**TASK PROMPT**:
Below this line is a listing that includes pictures. Copy exactly, and only, the lines from the one containing "- 【Larger size】Airplane" through the one containing "Kontrastni dodaci kao"; the pictures do not go in the copy.

**EXERCISE INPUT**:
^^^^^^^^

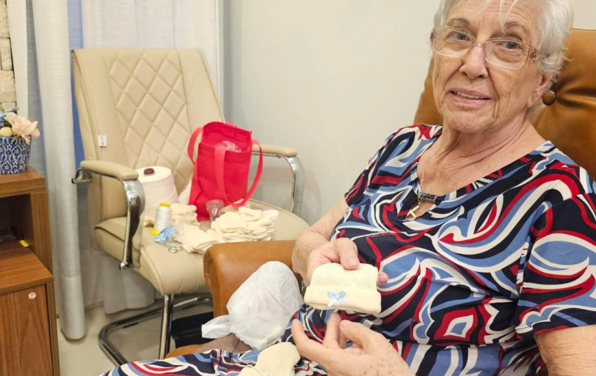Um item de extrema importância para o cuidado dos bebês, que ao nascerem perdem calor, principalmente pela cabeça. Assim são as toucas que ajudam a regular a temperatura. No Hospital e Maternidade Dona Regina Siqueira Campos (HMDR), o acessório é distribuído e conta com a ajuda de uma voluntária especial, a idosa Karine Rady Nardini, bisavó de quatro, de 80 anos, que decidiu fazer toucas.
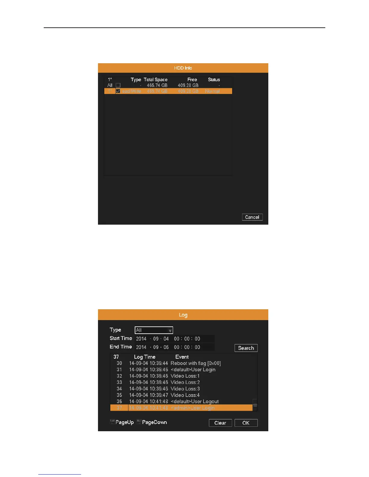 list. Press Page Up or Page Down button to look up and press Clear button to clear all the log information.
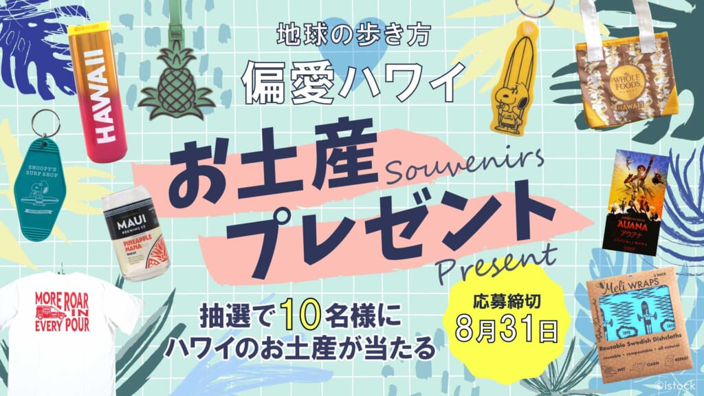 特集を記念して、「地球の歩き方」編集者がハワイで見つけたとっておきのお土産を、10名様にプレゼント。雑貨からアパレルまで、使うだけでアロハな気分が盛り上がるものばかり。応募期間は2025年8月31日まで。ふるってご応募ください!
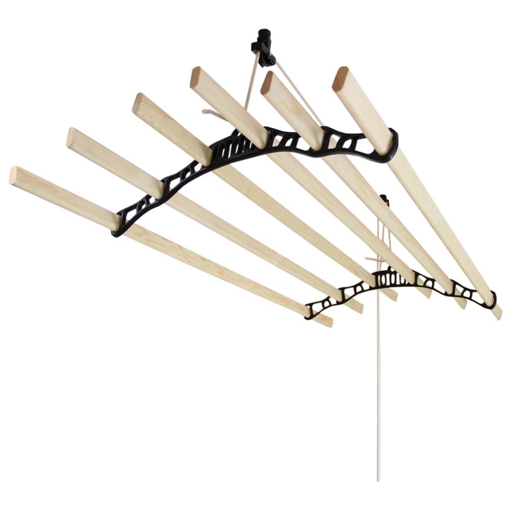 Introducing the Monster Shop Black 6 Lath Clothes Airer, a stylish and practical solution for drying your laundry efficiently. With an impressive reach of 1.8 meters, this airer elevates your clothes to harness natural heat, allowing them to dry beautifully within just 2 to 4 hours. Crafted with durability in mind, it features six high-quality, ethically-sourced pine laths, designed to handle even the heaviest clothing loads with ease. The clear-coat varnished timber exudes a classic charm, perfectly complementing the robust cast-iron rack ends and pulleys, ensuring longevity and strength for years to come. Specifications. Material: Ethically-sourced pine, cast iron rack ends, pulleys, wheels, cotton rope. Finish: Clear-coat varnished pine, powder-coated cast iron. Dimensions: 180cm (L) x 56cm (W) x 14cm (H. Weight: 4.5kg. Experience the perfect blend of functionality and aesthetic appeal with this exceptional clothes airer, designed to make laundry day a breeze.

^^^^^^^^

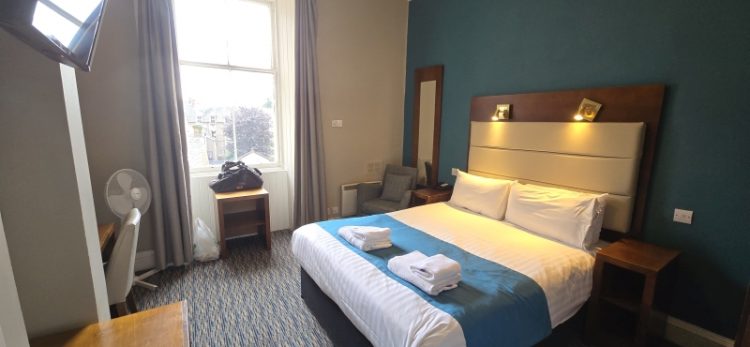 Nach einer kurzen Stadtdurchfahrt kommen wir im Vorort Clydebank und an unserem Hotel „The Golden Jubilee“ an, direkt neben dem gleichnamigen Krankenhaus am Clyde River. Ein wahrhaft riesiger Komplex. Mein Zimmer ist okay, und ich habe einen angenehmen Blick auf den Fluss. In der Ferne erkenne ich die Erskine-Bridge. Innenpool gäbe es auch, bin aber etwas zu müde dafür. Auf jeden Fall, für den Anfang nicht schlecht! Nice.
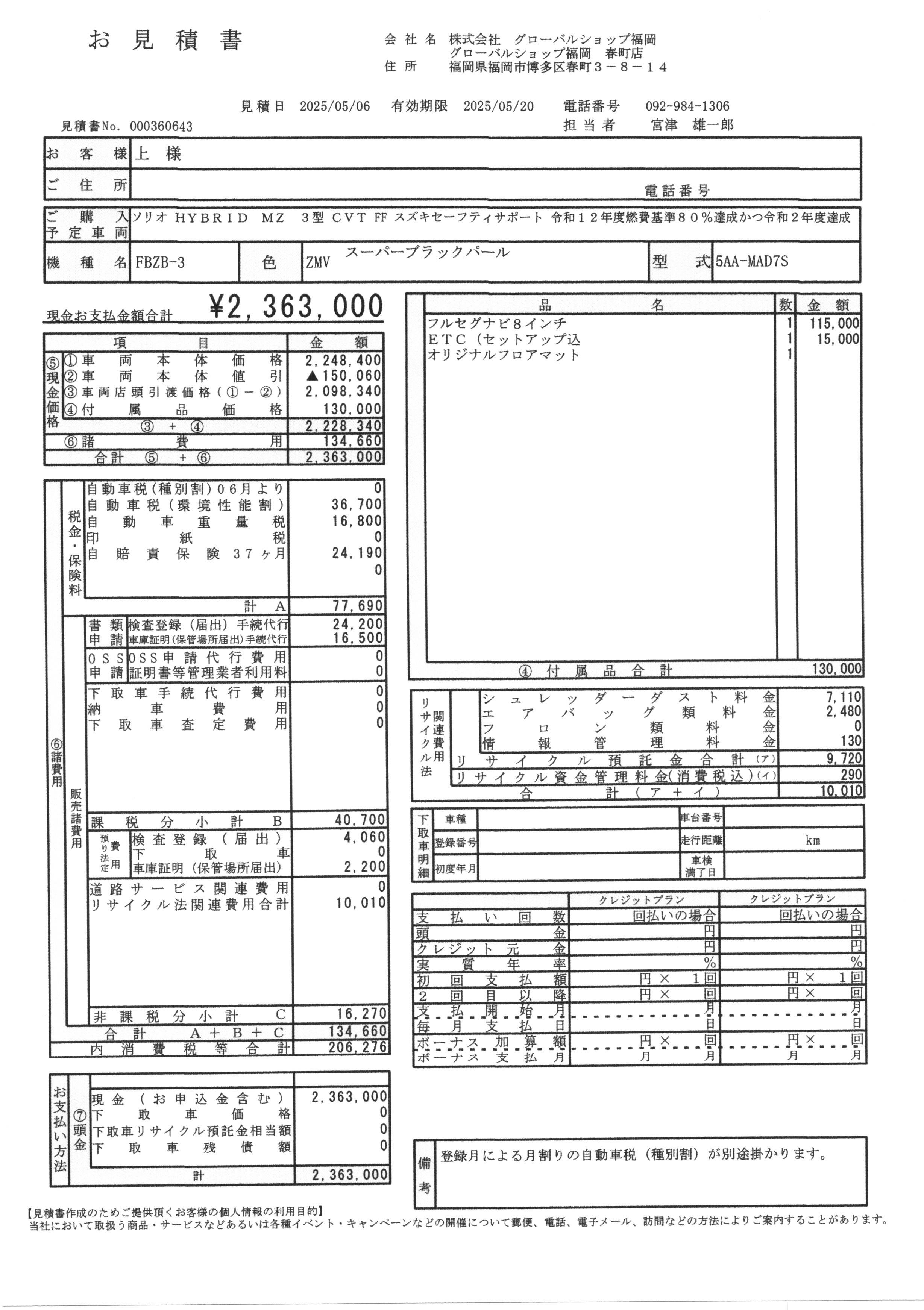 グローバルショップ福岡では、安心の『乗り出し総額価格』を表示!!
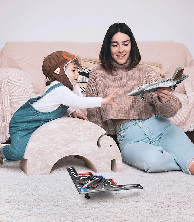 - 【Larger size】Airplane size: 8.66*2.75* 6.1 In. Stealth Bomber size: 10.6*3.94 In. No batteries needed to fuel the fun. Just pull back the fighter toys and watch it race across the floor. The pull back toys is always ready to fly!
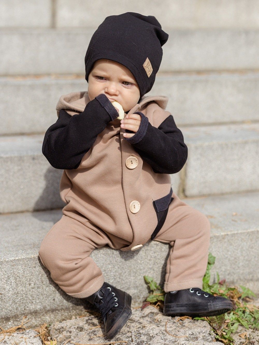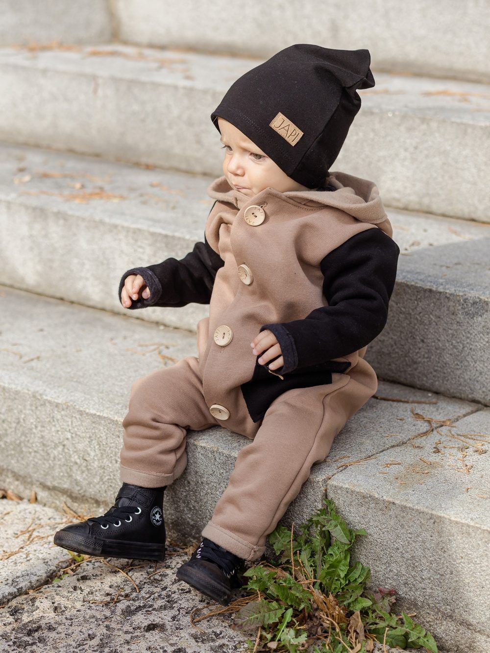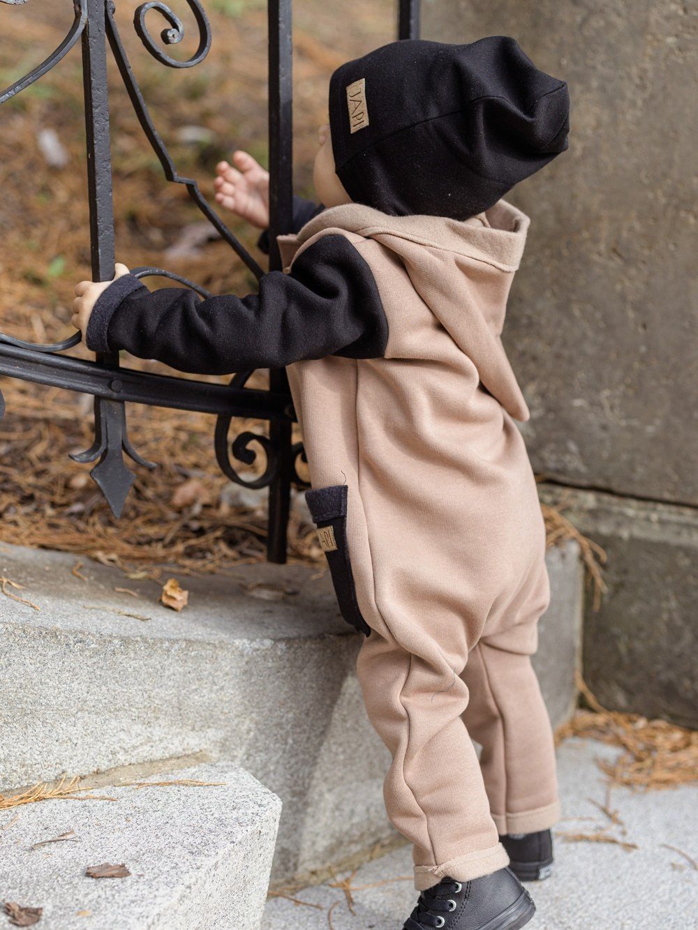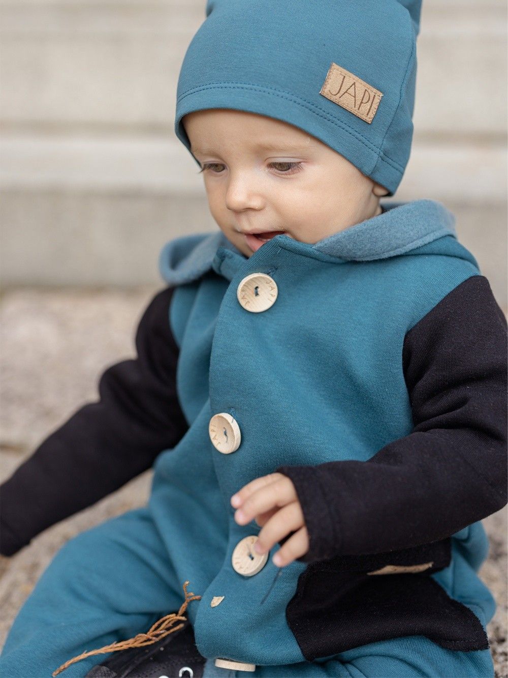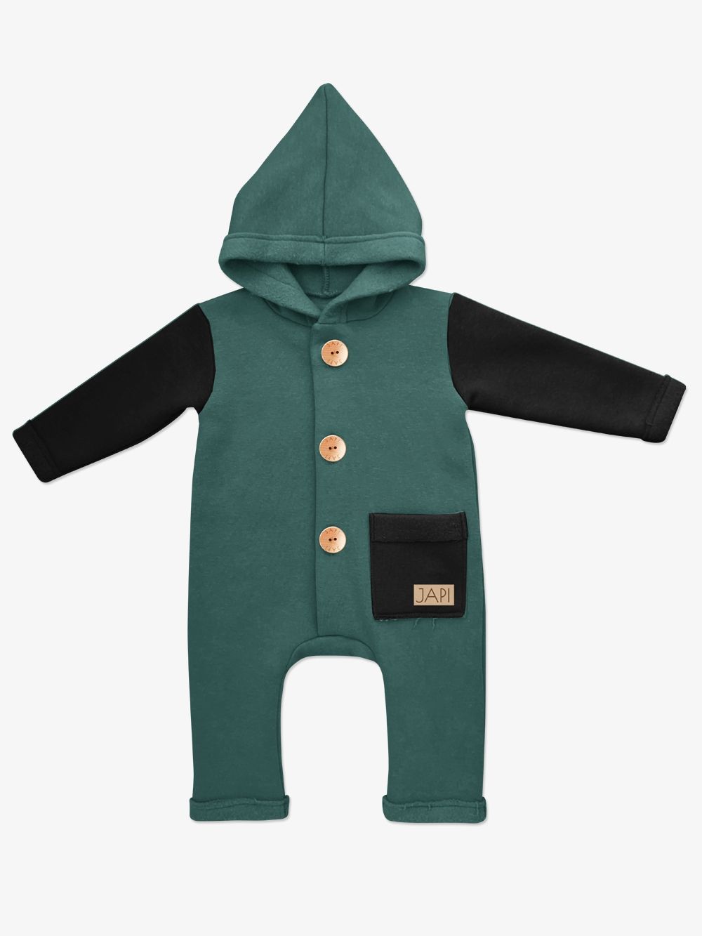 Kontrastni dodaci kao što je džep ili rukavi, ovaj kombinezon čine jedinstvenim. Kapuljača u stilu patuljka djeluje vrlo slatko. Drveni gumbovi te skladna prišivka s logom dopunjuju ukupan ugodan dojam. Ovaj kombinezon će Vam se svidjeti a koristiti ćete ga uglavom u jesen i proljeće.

^^^^^^^^

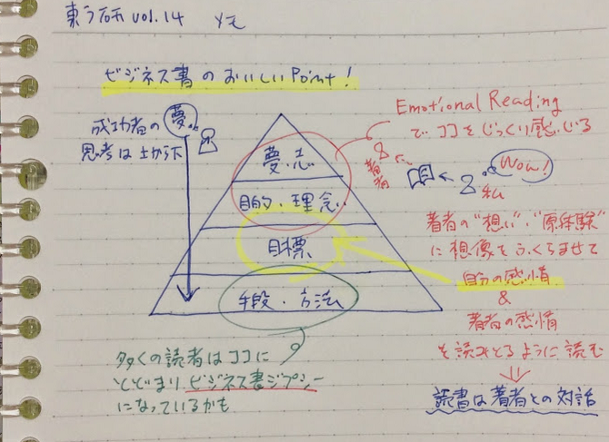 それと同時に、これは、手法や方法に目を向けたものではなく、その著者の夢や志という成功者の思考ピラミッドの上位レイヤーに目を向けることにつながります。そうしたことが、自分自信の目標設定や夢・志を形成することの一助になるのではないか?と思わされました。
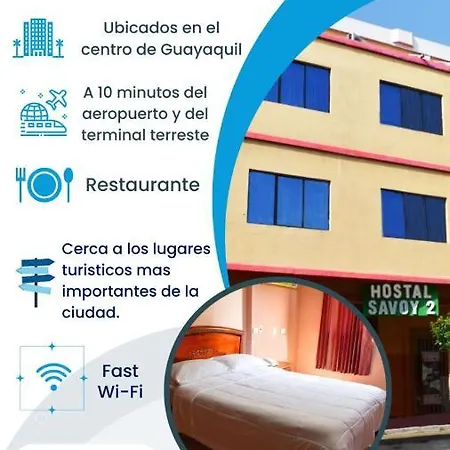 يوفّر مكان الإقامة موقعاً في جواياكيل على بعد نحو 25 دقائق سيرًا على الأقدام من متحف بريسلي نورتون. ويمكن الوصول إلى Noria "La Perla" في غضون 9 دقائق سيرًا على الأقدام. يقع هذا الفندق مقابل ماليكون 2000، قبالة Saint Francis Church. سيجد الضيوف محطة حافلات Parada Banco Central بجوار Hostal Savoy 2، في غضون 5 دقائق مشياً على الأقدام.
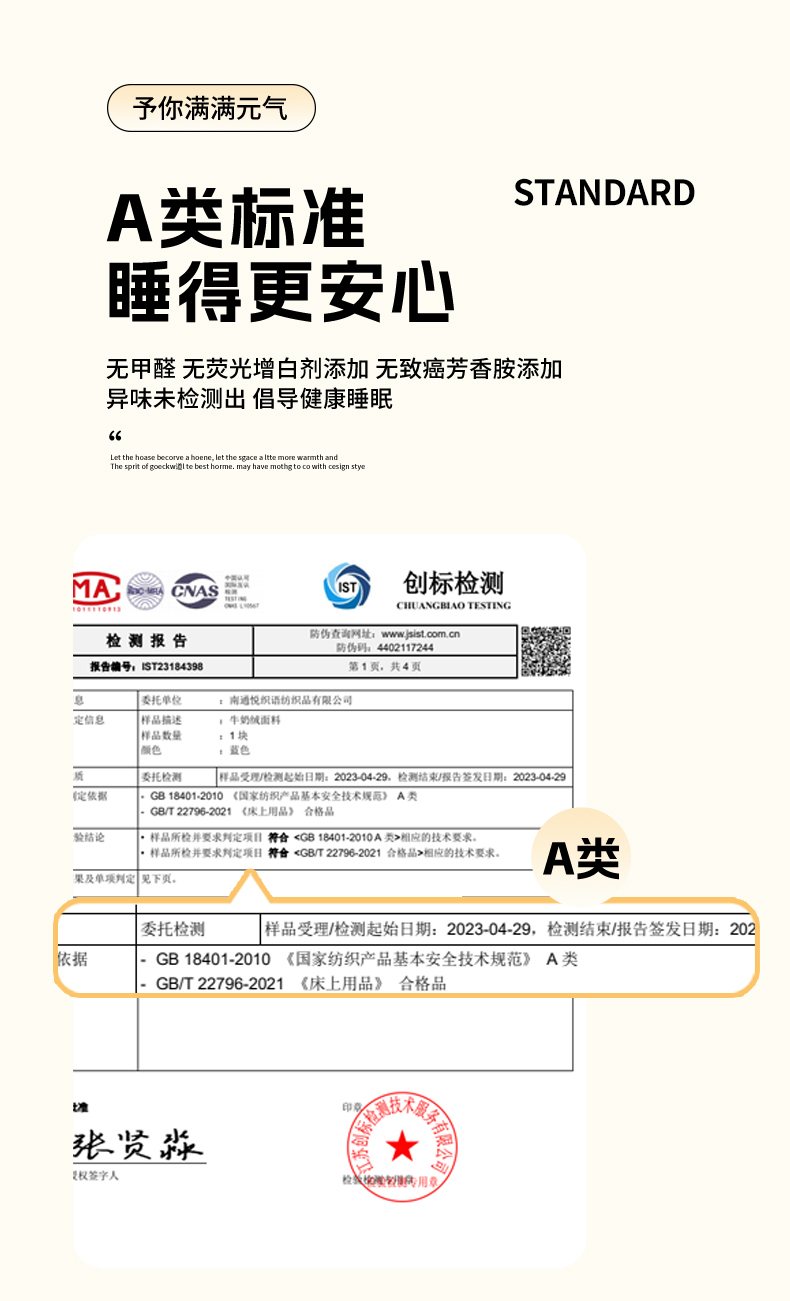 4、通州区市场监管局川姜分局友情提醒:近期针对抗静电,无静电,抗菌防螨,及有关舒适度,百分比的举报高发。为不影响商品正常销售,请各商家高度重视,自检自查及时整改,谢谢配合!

^^^^^^^^

**TASK RESPONSE**:
 - 【Larger size】Airplane size: 8.66*2.75* 6.1 In. Stealth Bomber size: 10.6*3.94 In. No batteries needed to fuel the fun. Just pull back the fighter toys and watch it race across the floor. The pull back toys is always ready to fly!
 Kontrastni dodaci kao što je džep ili rukavi, ovaj kombinezon čine jedinstvenim. Kapuljača u stilu patuljka djeluje vrlo slatko. Drveni gumbovi te skladna prišivka s logom dopunjuju ukupan ugodan dojam. Ovaj kombinezon će Vam se svidjeti a koristiti ćete ga uglavom u jesen i proljeće.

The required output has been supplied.